++++ RECORDS FOR THE TASK ++++
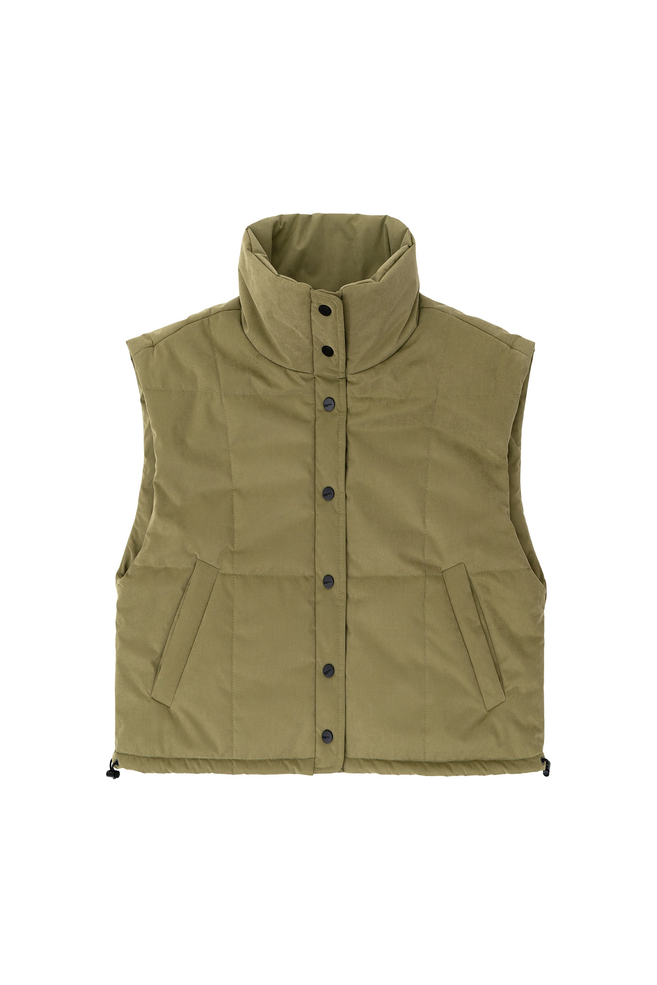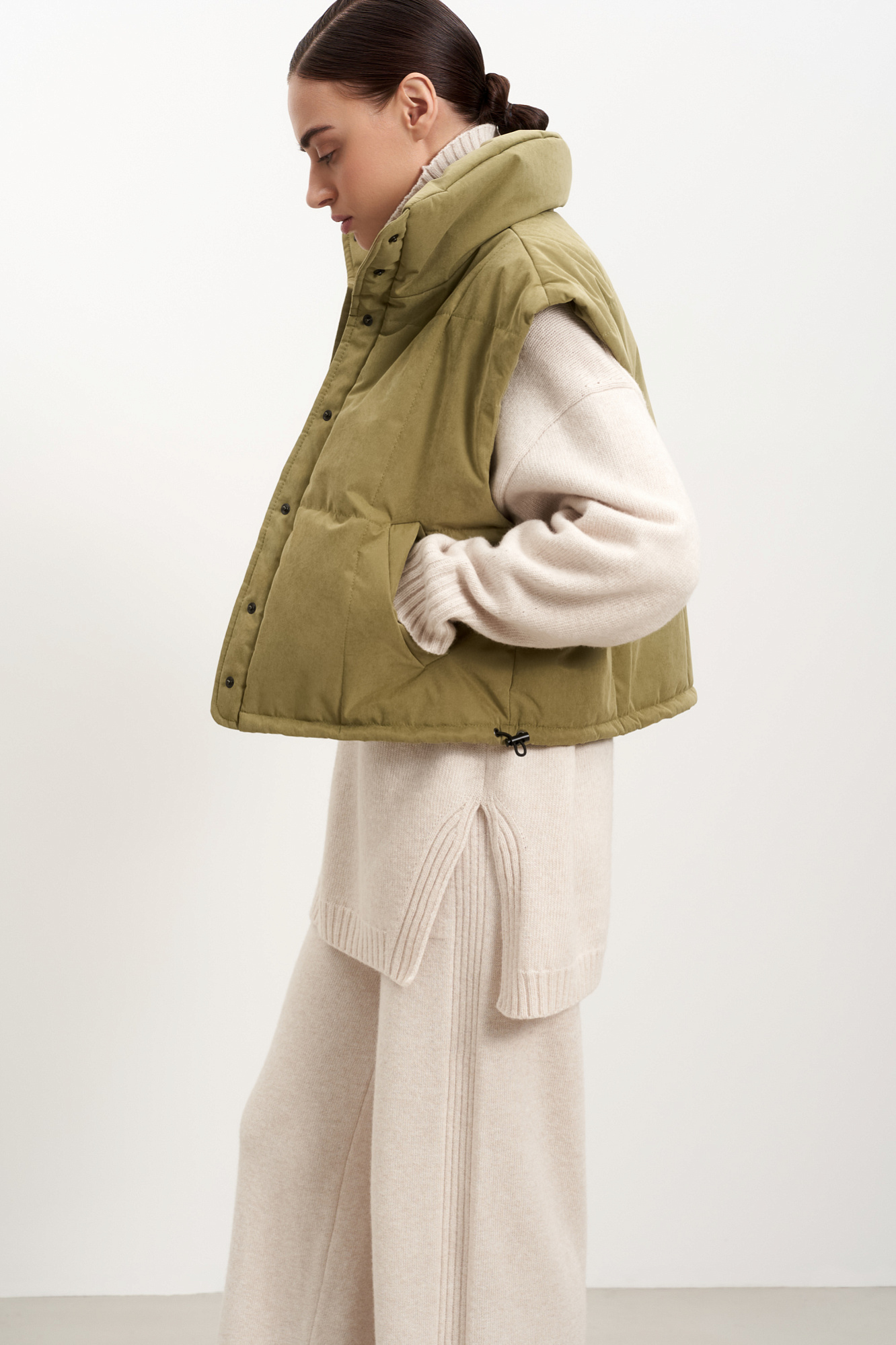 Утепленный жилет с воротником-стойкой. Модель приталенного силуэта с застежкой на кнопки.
++++
++++ RECORDS FOR THE TASK ++++
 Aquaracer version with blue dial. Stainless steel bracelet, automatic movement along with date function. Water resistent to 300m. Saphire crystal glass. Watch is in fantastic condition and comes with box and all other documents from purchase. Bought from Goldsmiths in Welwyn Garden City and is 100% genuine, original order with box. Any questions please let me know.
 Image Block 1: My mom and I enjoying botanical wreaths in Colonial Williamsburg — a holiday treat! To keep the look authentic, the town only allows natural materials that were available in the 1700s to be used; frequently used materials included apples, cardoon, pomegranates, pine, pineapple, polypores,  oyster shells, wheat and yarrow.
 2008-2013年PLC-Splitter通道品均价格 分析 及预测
++++
++++ RECORDS FOR THE TASK ++++
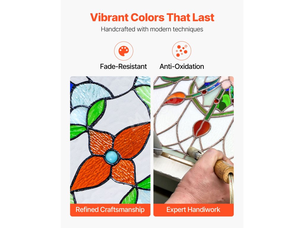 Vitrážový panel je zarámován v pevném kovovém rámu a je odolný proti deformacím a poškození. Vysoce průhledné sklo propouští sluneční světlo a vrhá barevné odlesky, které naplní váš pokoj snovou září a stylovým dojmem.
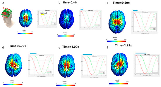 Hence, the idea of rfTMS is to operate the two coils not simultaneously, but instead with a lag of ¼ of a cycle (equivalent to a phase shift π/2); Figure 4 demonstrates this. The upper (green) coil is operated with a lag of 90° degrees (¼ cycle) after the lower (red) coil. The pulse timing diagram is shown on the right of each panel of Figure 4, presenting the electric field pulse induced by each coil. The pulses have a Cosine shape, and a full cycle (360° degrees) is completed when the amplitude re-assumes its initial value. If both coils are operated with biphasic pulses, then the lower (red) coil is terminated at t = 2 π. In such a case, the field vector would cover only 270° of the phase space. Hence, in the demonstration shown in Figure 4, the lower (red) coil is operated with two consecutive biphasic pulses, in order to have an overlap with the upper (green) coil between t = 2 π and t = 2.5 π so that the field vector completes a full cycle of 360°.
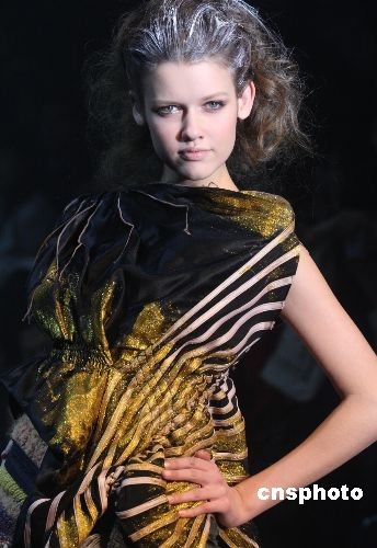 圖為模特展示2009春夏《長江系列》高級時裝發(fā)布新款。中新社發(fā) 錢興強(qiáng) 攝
++++
## EXERCISE OBJECTIVE
Starting at the line above that contains "Aquaracer version with", write out each line exactly until the line that contains "2008-2013年PLC-Splitter通道品均价格 分析 及预测" has been written, and stop there.

## RESULT BELOW
 Aquaracer version with blue dial. Stainless steel bracelet, automatic movement along with date function. Water resistent to 300m. Saphire crystal glass. Watch is in fantastic condition and comes with box and all other documents from purchase. Bought from Goldsmiths in Welwyn Garden City and is 100% genuine, original order with box. Any questions please let me know.
 Image Block 1: My mom and I enjoying botanical wreaths in Colonial Williamsburg — a holiday treat! To keep the look authentic, the town only allows natural materials that were available in the 1700s to be used; frequently used materials included apples, cardoon, pomegranates, pine, pineapple, polypores,  oyster shells, wheat and yarrow.
 2008-2013年PLC-Splitter通道品均价格 分析 及预测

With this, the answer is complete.